- [What is expected] Everything in the records below from the line containing "Each ribbon panel" through the line containing "6- توضع كميّة" is to be reproduced exactly, those two lines included; no picture is to be copied.

- [Dataset extract]
----

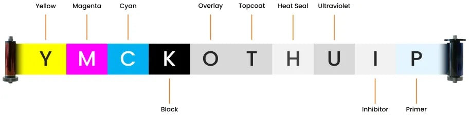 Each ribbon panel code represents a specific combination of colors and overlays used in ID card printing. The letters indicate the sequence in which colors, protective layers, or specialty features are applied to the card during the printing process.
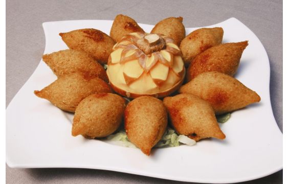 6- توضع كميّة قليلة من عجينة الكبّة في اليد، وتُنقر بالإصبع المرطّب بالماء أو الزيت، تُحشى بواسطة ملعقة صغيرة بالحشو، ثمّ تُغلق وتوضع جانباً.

----

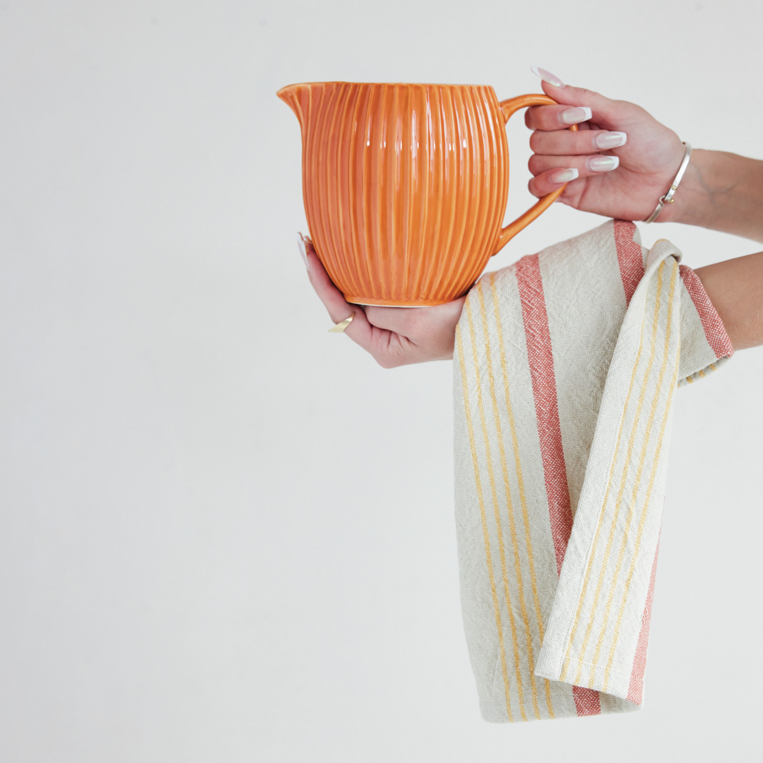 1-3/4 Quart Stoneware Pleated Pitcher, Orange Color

----

- [Exercise result]
 Each ribbon panel code represents a specific combination of colors and overlays used in ID card printing. The letters indicate the sequence in which colors, protective layers, or specialty features are applied to the card during the printing process.
 6- توضع كميّة قليلة من عجينة الكبّة في اليد، وتُنقر بالإصبع المرطّب بالماء أو الزيت، تُحشى بواسطة ملعقة صغيرة بالحشو، ثمّ تُغلق وتوضع جانباً.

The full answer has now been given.